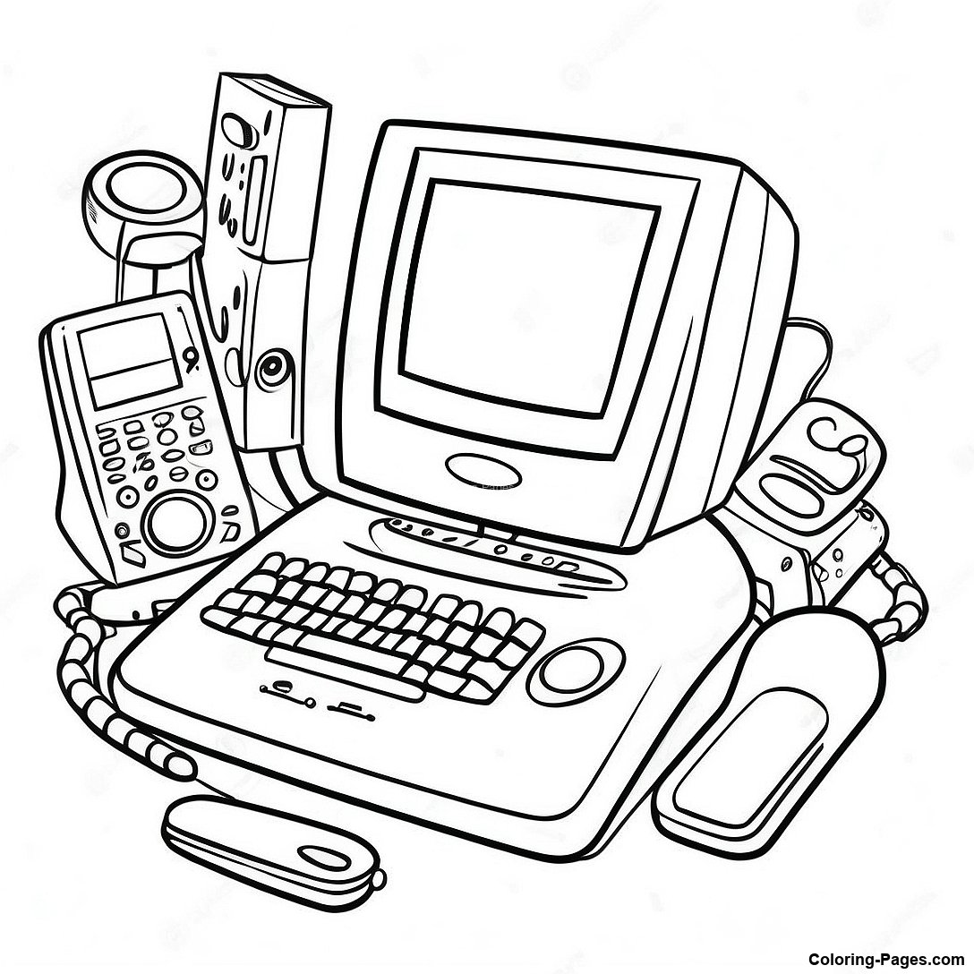 Download Printable PDF of Y2k Technology Gadgets Coloring Page
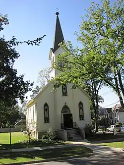 Immanuel Hall, previously known as Immanuel Evangelical Church, is a historic Late Gothic Revival church in the Carpenter Gothic style located in Hinsdale, Illinois. It was constructed in 1900 by Lutheran German immigrants for three thousand dollars. Services in the one-story building were conducted in the German language until the 1930s, when the church became affiliated with the Evangelical and Reformed Church and began services in English. The congregation moved to a new building in Burr Ridge, Illinois, in 1964. The former church in Hinsdale was then used as an office for the United Church of Christ. The church grounds were sold in 1982, and the building operated as a Montessori method preschool. In 1999, the building was again sold, and targeted for demolition by the new owners. A deal was brokered between the owners and the Hinsdale Historical Society to preserve the main church building. The remaining building was added to the National Register of Historic Places in early 2001. The building was restored from 2007 to 2008, and is now used for public events.
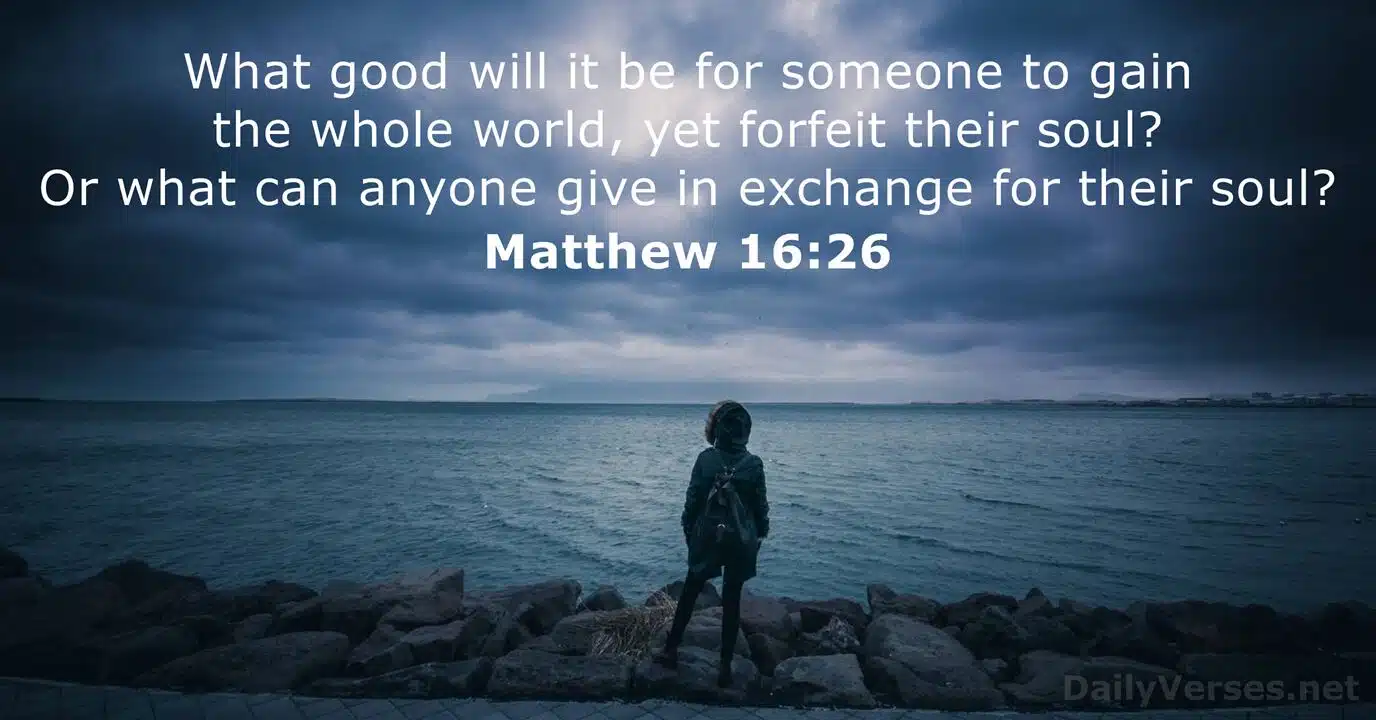 Matthew 16:26 asks a profound rhetorical question: “What good will it be for someone to gain the whole world, yet forfeit their soul? Or what can anyone give in exchange for their soul?” It emphasizes that earthly wealth and success are worthless compared to eternal life, urging disciples to prioritize their spiritual selves over worldly gains.
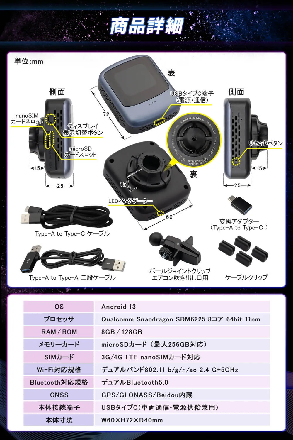 | 本体 1p、ボールジョイントクリップ(エアコン吹き出し口用)1p、USBケーブル 2p(Type-A to A 給電用二股ケーブル、Type-A to C)、変更アダプター 1p(Type-A to C)、ケーブルクランプ 4p、取扱説明書(日本語)、AI音声アシスト使用ガイド(日本語&英語) |
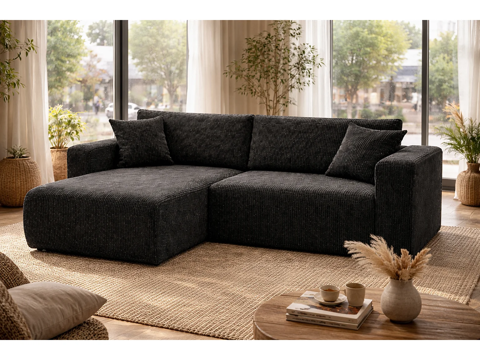 Canapé d'Angle réversible convertible avec fonction de couchage coffre universel en velours côtelé noir Flora L
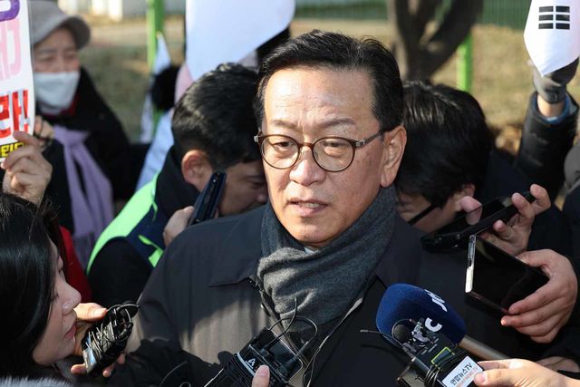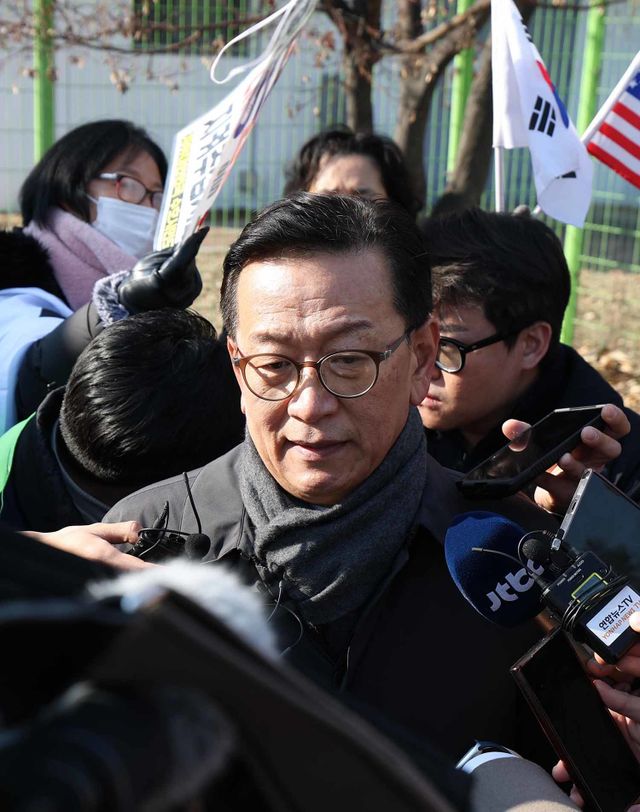 윤석열 대통령 측 석동현 변호사가 17일 오후 경기 의왕시 서울구치소 앞에서 윤석열 대통령 접견을 마치고 취재진의 질문에 답하고 있다. / 뉴스1

———

▶ **YOUR ASSIGNMENT**
All entries above must be repeated exactly; pictures are to be left out.

▶ **RESULT FOR THIS TASK**
 Download Printable PDF of Y2k Technology Gadgets Coloring Page
 Immanuel Hall, previously known as Immanuel Evangelical Church, is a historic Late Gothic Revival church in the Carpenter Gothic style located in Hinsdale, Illinois. It was constructed in 1900 by Lutheran German immigrants for three thousand dollars. Services in the one-story building were conducted in the German language until the 1930s, when the church became affiliated with the Evangelical and Reformed Church and began services in English. The congregation moved to a new building in Burr Ridge, Illinois, in 1964. The former church in Hinsdale was then used as an office for the United Church of Christ. The church grounds were sold in 1982, and the building operated as a Montessori method preschool. In 1999, the building was again sold, and targeted for demolition by the new owners. A deal was brokered between the owners and the Hinsdale Historical Society to preserve the main church building. The remaining building was added to the National Register of Historic Places in early 2001. The building was restored from 2007 to 2008, and is now used for public events.
 Matthew 16:26 asks a profound rhetorical question: “What good will it be for someone to gain the whole world, yet forfeit their soul? Or what can anyone give in exchange for their soul?” It emphasizes that earthly wealth and success are worthless compared to eternal life, urging disciples to prioritize their spiritual selves over worldly gains.
 | 本体 1p、ボールジョイントクリップ(エアコン吹き出し口用)1p、USBケーブル 2p(Type-A to A 給電用二股ケーブル、Type-A to C)、変更アダプター 1p(Type-A to C)、ケーブルクランプ 4p、取扱説明書(日本語)、AI音声アシスト使用ガイド(日本語&英語) |
 Canapé d'Angle réversible convertible avec fonction de couchage coffre universel en velours côtelé noir Flora L
 윤석열 대통령 측 석동현 변호사가 17일 오후 경기 의왕시 서울구치소 앞에서 윤석열 대통령 접견을 마치고 취재진의 질문에 답하고 있다. / 뉴스1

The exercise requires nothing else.